【イベント報告】「『UGCサイネージ』と『iBODY』による新価値創出」(10/24 第68回NRLフォーラム)

2024年10月24日、67回目となるNext Retail Labフォーラムが開催された。

Next Retail Labとは、「次世代の小売流通」をテーマにした研究会で、製造から小売りまで、さまざまな業種に関する調査研究や、マーケティング視点での提言などを行う任意団体である。
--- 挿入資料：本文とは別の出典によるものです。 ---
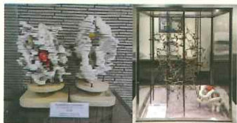
チトクロムc 3次構造模型 左:パルサモデル(4Å) (大阪大学蛋白質研究所蔵) 右:ケンドリューモデル(2.3Å) (大阪大学総合学術博物館蔵)

タンパク質分子の立体構造は、その機能を理解するために必要不可欠であるが、分子サイズが非常に大きく、高分解能の回折像を与える良質な結晶を得ることが難しかったため、20世紀半ばまでタンパク質の立体構造を決定できなかった。1958年にイギリスのケンドリュー(John.C.Kendrew, 1917-1997)らが世界で最初にミオグロビンの構造解析に成功したが、それは膨大な時間を要する困難な研究だった。日本で初めてタンパク質の構造解析に成功したのが、大阪大学蛋白質研究所の角戸正夫(1918-2005)らのグループである。彼らは、結晶作りから装置の開発、構造解析プログラムの開発など一連の作業や人材育成を研究所内で一貫して行い、カツオの還元型シトクロムcの構造について、1971年に分解能4Åでの解析、1973年には分解能2.3Åでの高分解能解析に成功した。これは世界で7種類目のタンパク質の構造解析であった。その後、タカアミラーゼAの構造解析を行い、1979年に低分解能の6Åで、1980年には高分解能の3Åで成功した。大阪大学の総合学術博物館と蛋白質研究所に保存されている構造模型4件は、その研究の際に作られたもので日本のタンパク質の構造研究のレベルの高さを示す記念碑的な一次資料であり、化学遺産として認定する。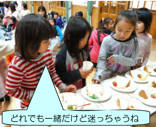
どれでも一緒だけど迷っちゃうね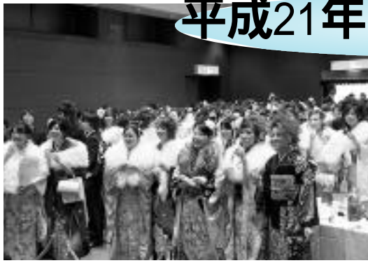
昨年の成人式の様子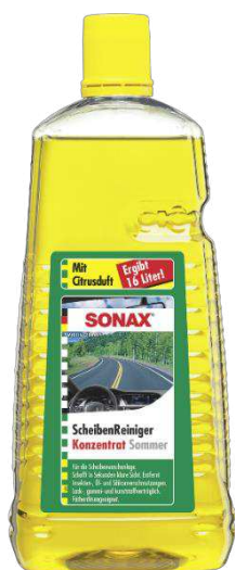
SONAX Lave glace concentré Citron (500 ml)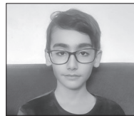
● برای کودکان غزه

صبح یک روز بهاری وقتی آهو خانم از خانه اش بیرون آمد، متوجه شد که مردم سه دهکده (دهکده ی درخت کاج، دهکده ی آبشار دو طبقه و دهکده ی گل رز) تصمیم گرفتند که مدرسه ای بسازند برای تمام پایه ها تا محصلین مجبور نباشند به شهر بروند و برگردند. آهوی ما به خانه اش رفت و فکر کرد که یعنی مدرسه ی جدید چه شکلی خواهد بود؟ آیا مدرسه حیاط دارد؟ آیا مدیر دارد؟ و ... چند روز بعد، وقتی آهو خانم داشت از بین سه دهکده می گذشت متوجه این شد که مدرسه ای در آنجا بنا شده! آهو چشمانش برق می زد و با هیجان داشت مدرسه را بررسی می کرد که دید پروانه ای دارد وارد حیاط مدرسه می شود و از آنجایی که آهو خانم خیلی پروانه ها را دوست داشت به دنبال پروانه رفت. پروانه و آهو از حیاط مدرسه گذشتند و بچه هایی را دیدند که در صف ایستاده اند و آهو دوان دوان به سمت پروانه رفت که به کمدهای رختکن باشگاه کوچک مدرسه رسید و پروانه درون یکی از کمدهایی رفت که دریش باز بود و آهو هم به دنبال پروانه رفت و درب کمد ناگهان بسته و قفل شد! آهو خانم که از دست و پا زدن خسته و ناامید بود چشمش به یک عکس و بعد یک نوشته افتاد. در آن کاغذ نوشته بود که: «در نزدیکی خانه ی ما در دهکده کاج آهوئی زندگی می کند که خانه اش نزدیک قارچ هایی است که ما پرورش می دهیم». آهو به زبان خود می گوید: «یعنی قارچ هایی که خیلی خوشمزه بودند و می خوردم. قارچ های آنها بود؟» و بعد پروانه پیش عکس رفت و آهو گفت: «حتما می خواسته عکس مرا بگذارد که از خواهر دو قلویم عکس گرفته! یعنی ما حیوانات اینقدر با هم شباهت داریم؟» که در کمد باز شد و دخترک جیغ بلندی زد و آهو را ترساند ولی او می خواست آهو را به دوستانش نشان دهد!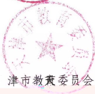
天津市教育委员会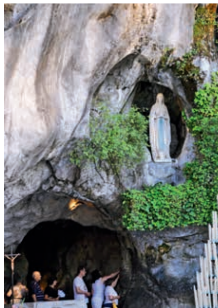
Grotta Massabielska w Lourdes

Podczas procesji z oddali oglądaliśmy główne elementy sanktuarium: Grotę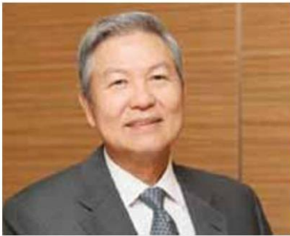
กวาง กัม ฮอน

● นายกวาง กัม ฮอน นักธุรกิจถุงมือยางสังเคราะห์วัย 68 ปี มหาเศรษฐีอันดับ 11 ของมาเลเซียขยับขึ้นมามีอันดับมหาเศรษฐีฟอร์บส์เป็นครั้งแรกในปีนี้ ด้วยสินทรัพย์ 1,100 ล้านดอลลาร์ (39,600 ล้านบาท) สืบเนื่องจากรายได้ และผลกำไรที่เติบโตอย่างรวดเร็วขึ้นของฮาร์ทาเลกา โฮลดิ้งส์ บริษัทผลิตถุงมือยางสังเคราะห์ ที่ก่อตั้งขึ้นเมื่อปี 2531 ส่งออกถุงมือยางสังเคราะห์ไปยัง 40 ประเทศทั่วโลก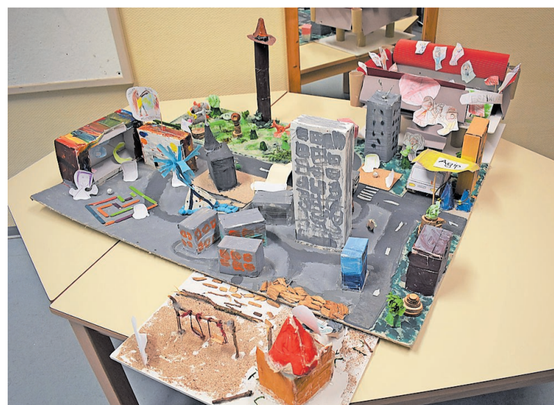
Das detailgenaue Modell der Kita Kinderwelt hat den Sonderpreis gewonnen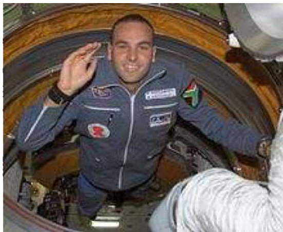
Слика 2. Марк Шатлворт во вселенска мисија

Поради тоа, во 2002 година Шатлворт решил да донира околу 20 милиони американски долари за учество во Вселенска мисија на Руската Вселенска Програма. Во мисијата тој поминал 2 дена во ракетата Сојуз и 8 дена во Меѓународната вселенска станица, каде што учествувал со експерименти поврзани со сидата и истражувањата на генетските материјали.

今回は、『「UGCサイネージ」と「iBODY」による新価値創出』をテーマに、柏木又浩氏が代表を務める株式会社ビーツの二つの新たなサービスについて、共に事業をすすめる株式会社REGALI代表取締役社長の稲田光一郎氏、iBODY JAPAN株式会社代表取締役社長の林和人氏を講師に迎え、それぞれ講演を行った。

また、講演に続いてNext Retail Labのフェローも参加したディスカッションが行われ、さまざまな論点で議論が交わされた。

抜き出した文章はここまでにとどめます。